• Action item: The listing below contains a span that opens with the line containing "Podczas tej rywalizacji" and closes with the line containing "Рис. 43. Саркофаг". Return that span exactly.

• Stored data:
___
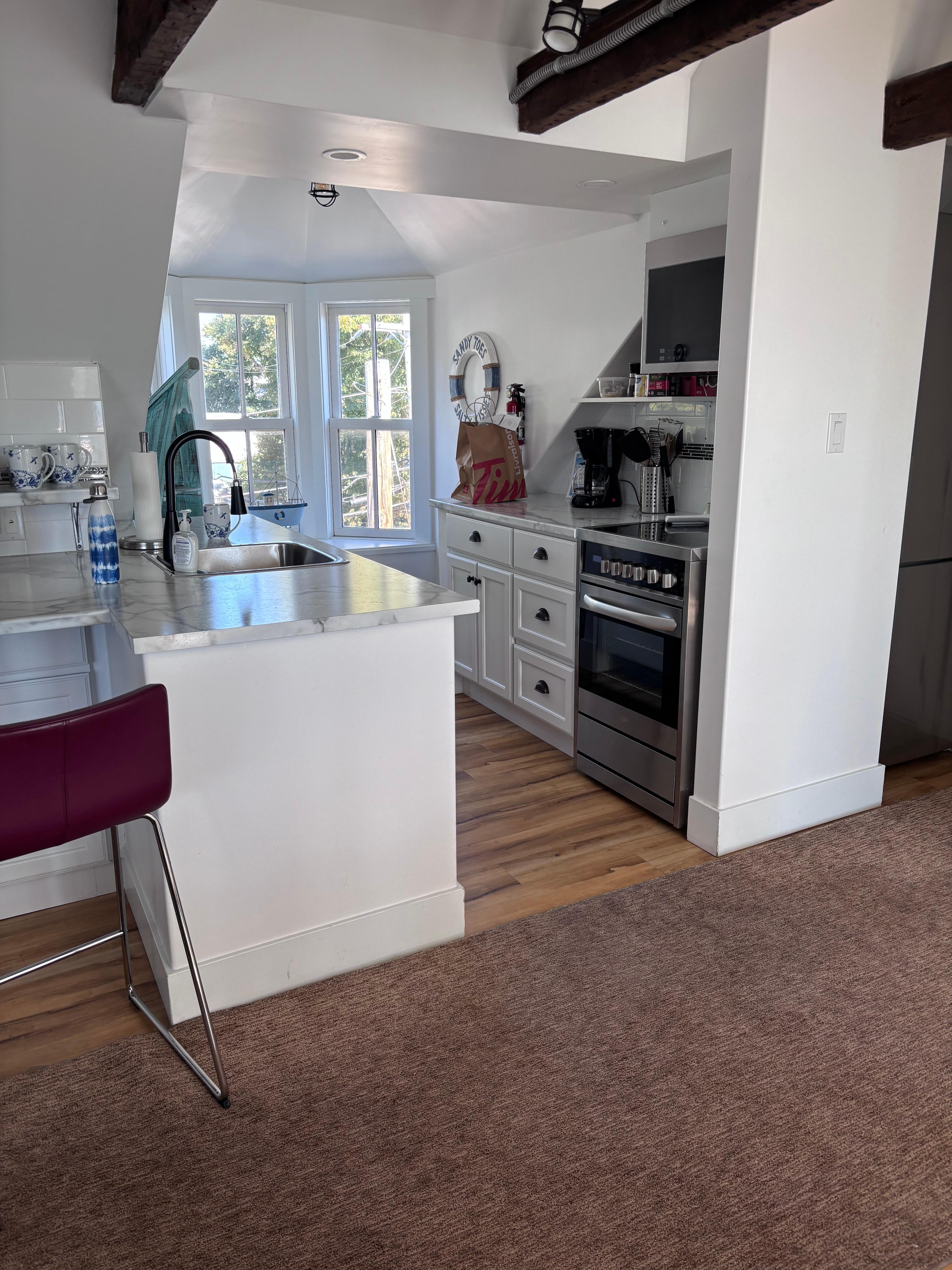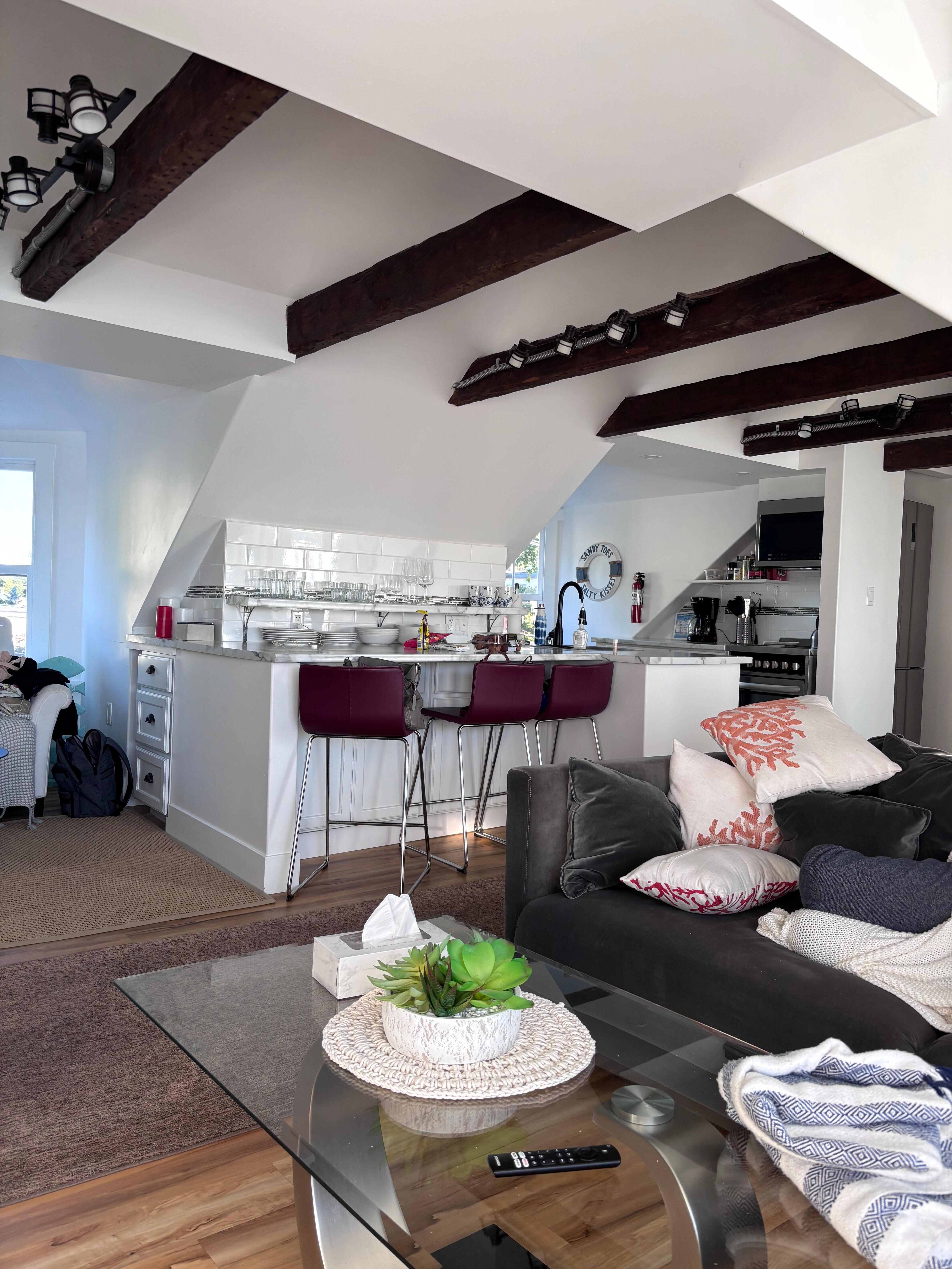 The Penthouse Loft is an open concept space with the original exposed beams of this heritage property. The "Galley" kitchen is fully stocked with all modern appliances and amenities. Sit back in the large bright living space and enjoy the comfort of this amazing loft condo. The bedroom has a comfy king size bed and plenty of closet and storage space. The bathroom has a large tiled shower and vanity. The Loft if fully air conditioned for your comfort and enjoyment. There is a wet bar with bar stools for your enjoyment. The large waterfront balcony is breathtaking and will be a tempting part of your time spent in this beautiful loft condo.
___
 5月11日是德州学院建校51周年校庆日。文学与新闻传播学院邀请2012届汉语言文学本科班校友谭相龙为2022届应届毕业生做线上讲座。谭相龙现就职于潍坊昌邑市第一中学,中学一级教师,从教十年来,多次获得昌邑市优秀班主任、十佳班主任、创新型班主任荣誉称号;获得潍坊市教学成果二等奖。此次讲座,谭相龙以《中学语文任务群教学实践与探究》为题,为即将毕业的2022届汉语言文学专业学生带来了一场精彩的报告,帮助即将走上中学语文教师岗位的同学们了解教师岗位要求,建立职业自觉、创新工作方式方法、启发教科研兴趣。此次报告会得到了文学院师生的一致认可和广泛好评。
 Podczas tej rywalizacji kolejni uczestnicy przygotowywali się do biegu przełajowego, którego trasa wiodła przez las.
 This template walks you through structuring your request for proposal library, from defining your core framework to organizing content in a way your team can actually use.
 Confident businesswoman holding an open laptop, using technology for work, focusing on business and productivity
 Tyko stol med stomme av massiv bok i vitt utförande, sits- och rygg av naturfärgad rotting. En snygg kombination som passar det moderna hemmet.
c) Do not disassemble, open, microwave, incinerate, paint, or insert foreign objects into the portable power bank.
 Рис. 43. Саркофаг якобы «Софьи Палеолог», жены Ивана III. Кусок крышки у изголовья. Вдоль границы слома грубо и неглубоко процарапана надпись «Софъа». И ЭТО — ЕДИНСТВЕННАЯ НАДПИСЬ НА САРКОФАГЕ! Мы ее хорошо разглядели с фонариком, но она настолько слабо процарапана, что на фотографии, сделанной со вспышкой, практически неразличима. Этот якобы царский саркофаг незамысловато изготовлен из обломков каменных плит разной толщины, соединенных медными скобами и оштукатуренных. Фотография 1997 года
___
• Final answer:
 Podczas tej rywalizacji kolejni uczestnicy przygotowywali się do biegu przełajowego, którego trasa wiodła przez las.
 This template walks you through structuring your request for proposal library, from defining your core framework to organizing content in a way your team can actually use.
 Confident businesswoman holding an open laptop, using technology for work, focusing on business and productivity
 Tyko stol med stomme av massiv bok i vitt utförande, sits- och rygg av naturfärgad rotting. En snygg kombination som passar det moderna hemmet.
c) Do not disassemble, open, microwave, incinerate, paint, or insert foreign objects into the portable power bank.
 Рис. 43. Саркофаг якобы «Софьи Палеолог», жены Ивана III. Кусок крышки у изголовья. Вдоль границы слома грубо и неглубоко процарапана надпись «Софъа». И ЭТО — ЕДИНСТВЕННАЯ НАДПИСЬ НА САРКОФАГЕ! Мы ее хорошо разглядели с фонариком, но она настолько слабо процарапана, что на фотографии, сделанной со вспышкой, практически неразличима. Этот якобы царский саркофаг незамысловато изготовлен из обломков каменных плит разной толщины, соединенных медными скобами и оштукатуренных. Фотография 1997 года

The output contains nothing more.